Collection entries
- Opening Delimiter -

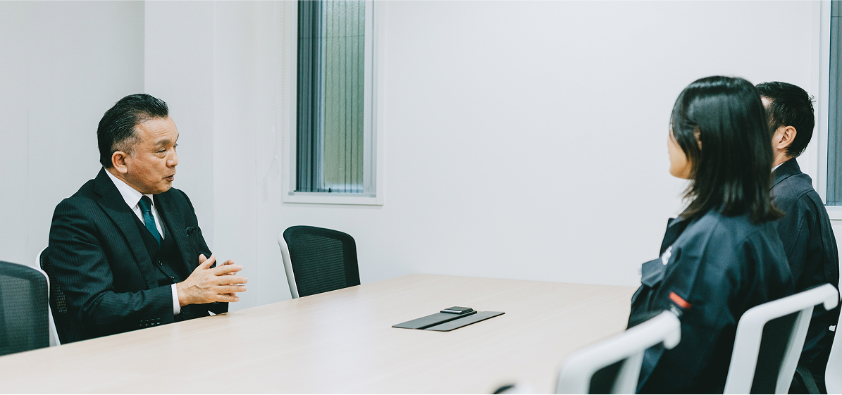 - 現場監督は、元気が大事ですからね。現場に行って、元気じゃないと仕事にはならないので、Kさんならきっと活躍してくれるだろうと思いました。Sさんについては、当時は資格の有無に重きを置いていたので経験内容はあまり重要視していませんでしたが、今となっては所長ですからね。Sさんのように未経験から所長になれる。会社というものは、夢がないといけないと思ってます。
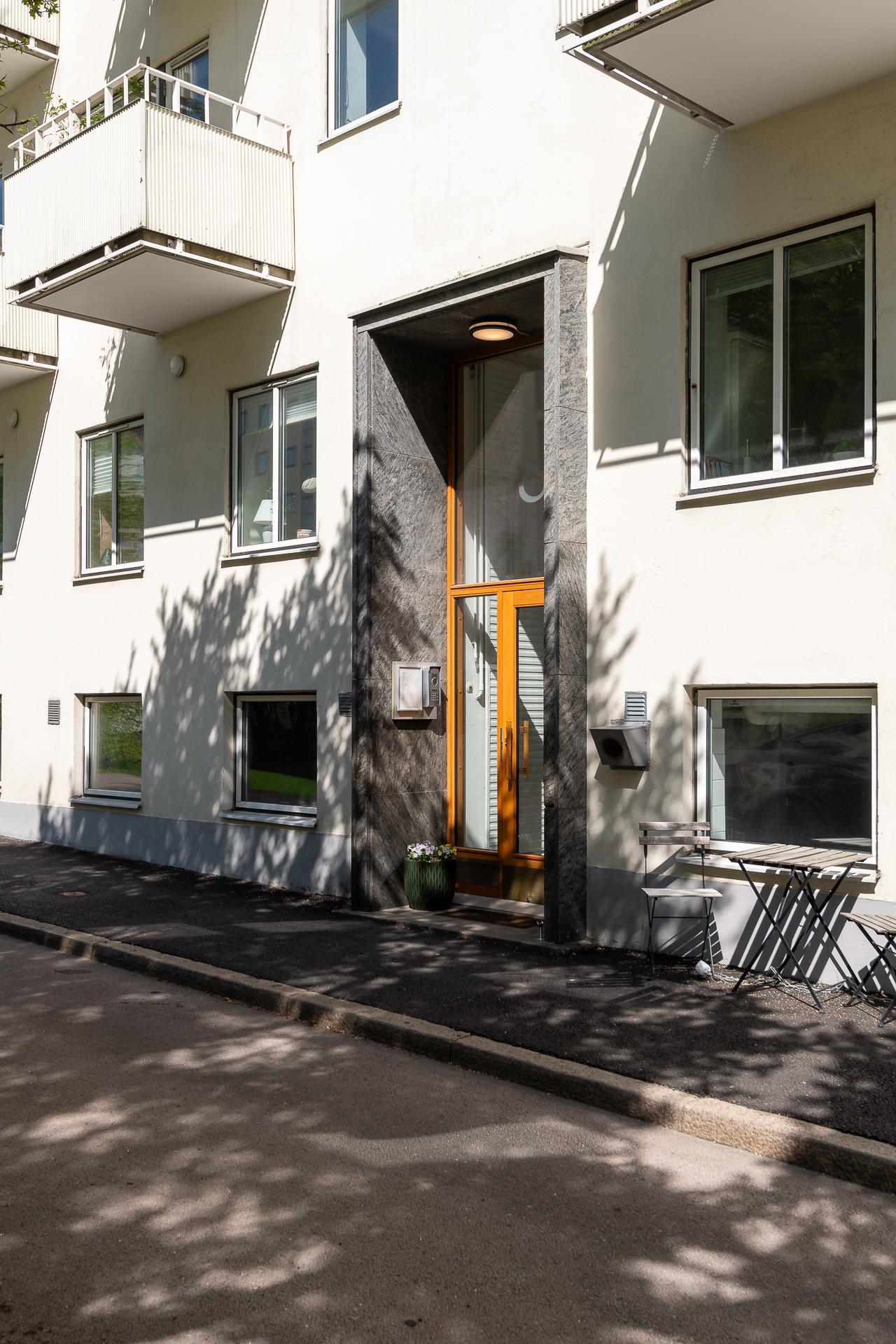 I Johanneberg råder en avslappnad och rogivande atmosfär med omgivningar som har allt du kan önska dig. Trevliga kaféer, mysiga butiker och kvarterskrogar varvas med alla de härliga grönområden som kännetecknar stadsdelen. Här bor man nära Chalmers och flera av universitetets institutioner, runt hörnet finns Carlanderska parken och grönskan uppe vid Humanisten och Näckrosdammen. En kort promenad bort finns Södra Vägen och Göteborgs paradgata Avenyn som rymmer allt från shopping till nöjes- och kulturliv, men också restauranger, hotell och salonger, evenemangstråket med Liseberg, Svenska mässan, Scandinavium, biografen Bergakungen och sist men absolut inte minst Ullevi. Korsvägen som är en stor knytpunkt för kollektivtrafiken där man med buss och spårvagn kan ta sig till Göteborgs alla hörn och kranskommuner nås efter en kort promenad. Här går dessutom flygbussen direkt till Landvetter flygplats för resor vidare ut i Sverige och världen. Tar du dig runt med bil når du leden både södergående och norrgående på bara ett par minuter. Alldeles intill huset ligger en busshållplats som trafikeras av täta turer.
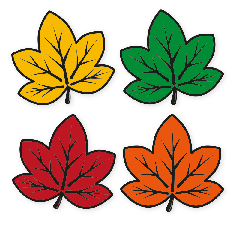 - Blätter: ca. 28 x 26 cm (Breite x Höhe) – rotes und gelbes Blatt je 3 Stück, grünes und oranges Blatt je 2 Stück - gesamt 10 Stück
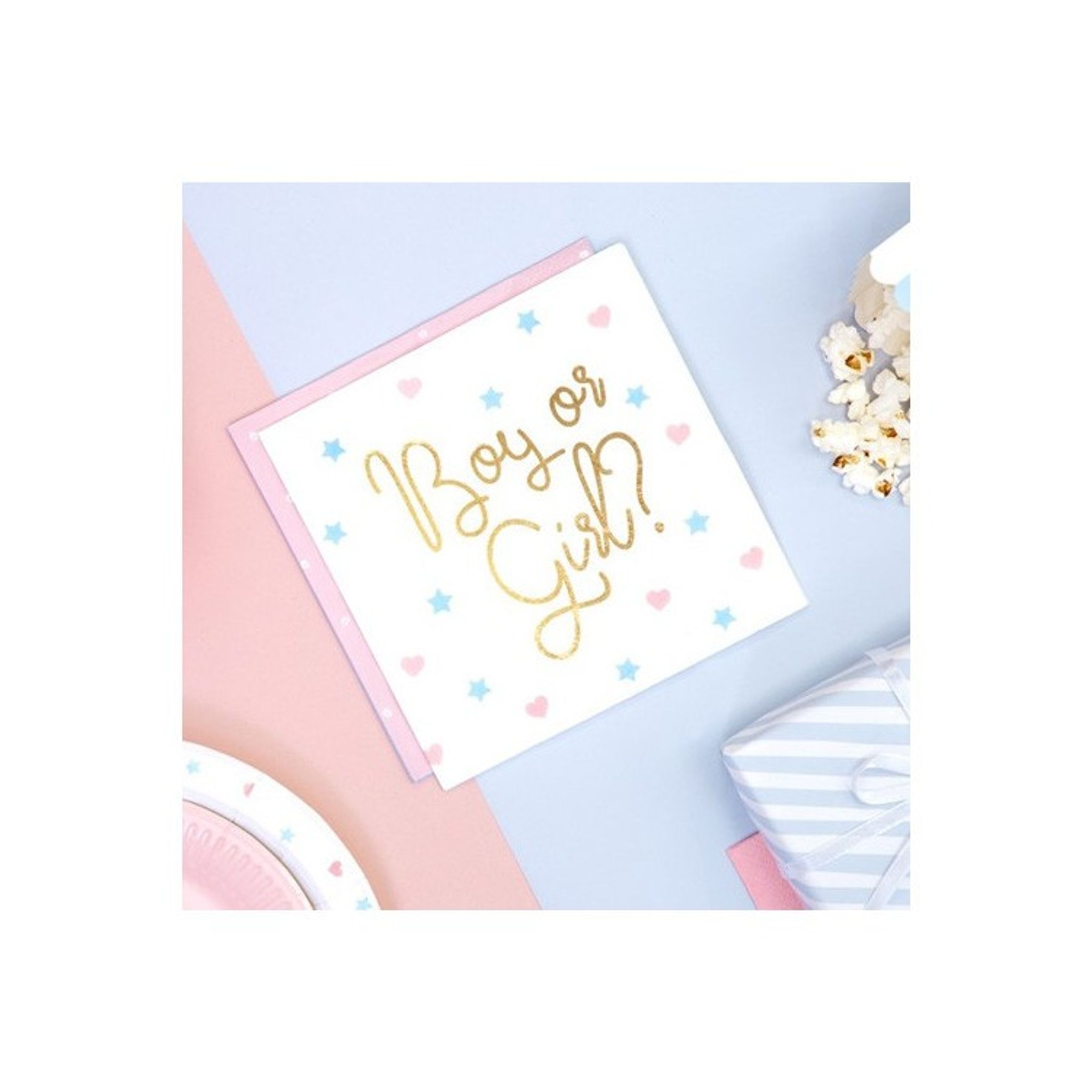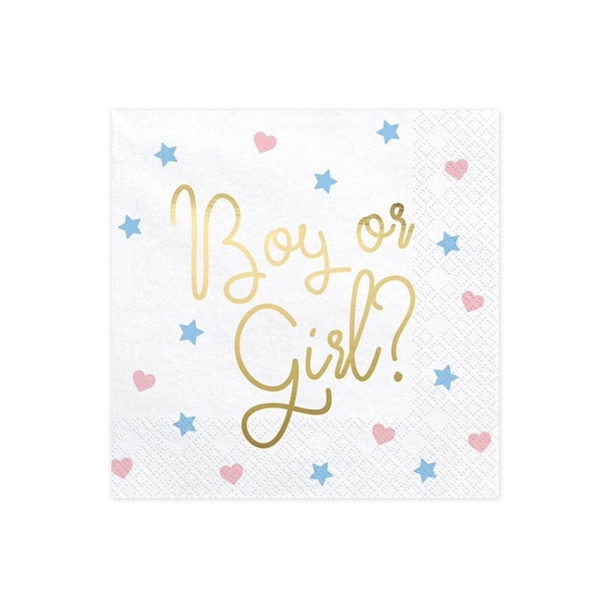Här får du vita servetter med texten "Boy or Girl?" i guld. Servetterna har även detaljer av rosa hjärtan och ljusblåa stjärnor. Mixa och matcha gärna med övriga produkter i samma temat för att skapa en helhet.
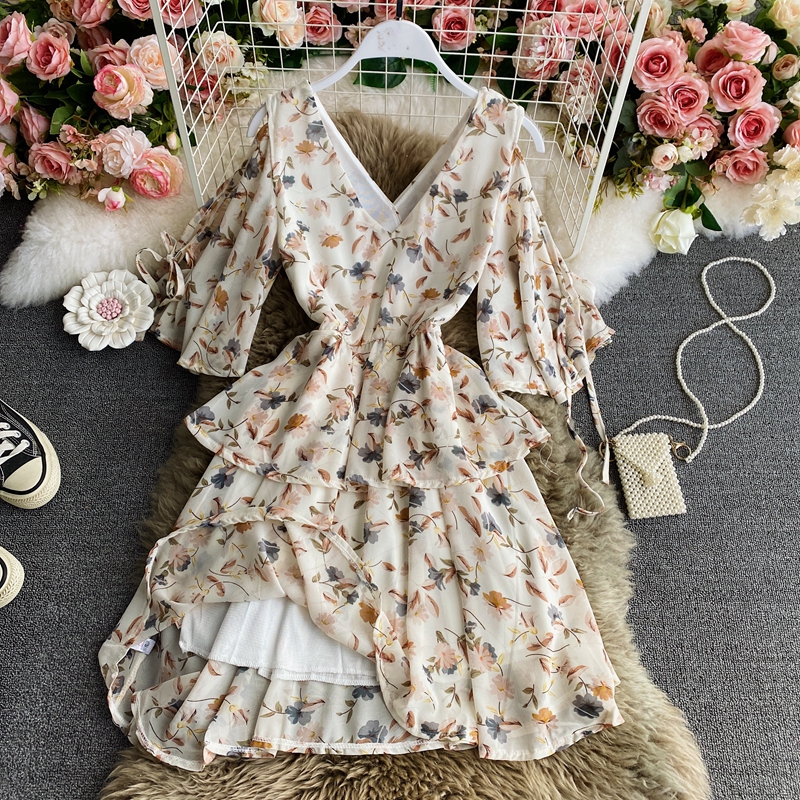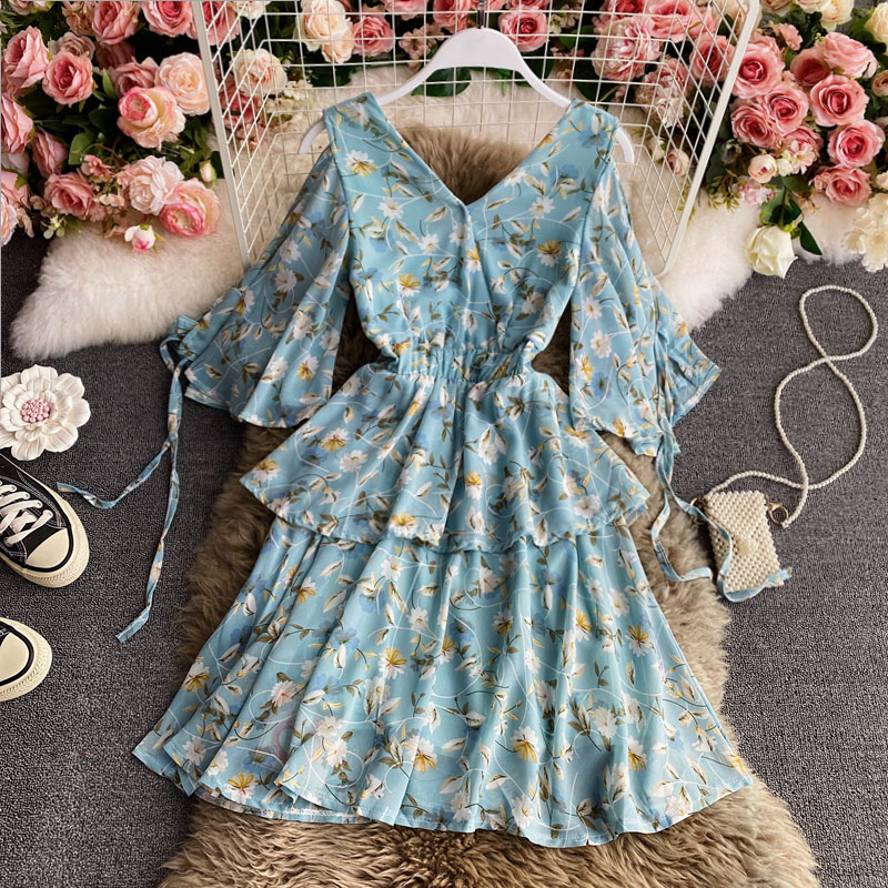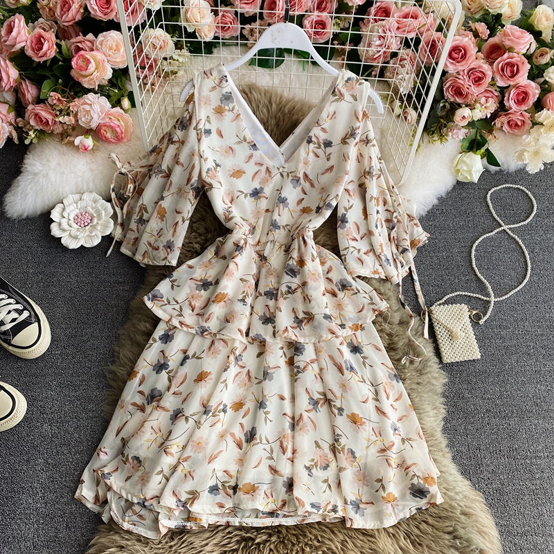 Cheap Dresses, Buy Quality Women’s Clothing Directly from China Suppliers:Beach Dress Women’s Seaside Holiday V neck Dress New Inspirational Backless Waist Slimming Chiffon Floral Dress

- Closing Delimiter -

A verbatim reproduction is expected: starting at the line above that has "- Blätter: ca.", ending at the line that has "Här får du vita", both included, and with no pictures and no other lines.

● **Response**:
 - Blätter: ca. 28 x 26 cm (Breite x Höhe) – rotes und gelbes Blatt je 3 Stück, grünes und oranges Blatt je 2 Stück - gesamt 10 Stück
Här får du vita servetter med texten "Boy or Girl?" i guld. Servetterna har även detaljer av rosa hjärtan och ljusblåa stjärnor. Mixa och matcha gärna med övriga produkter i samma temat för att skapa en helhet.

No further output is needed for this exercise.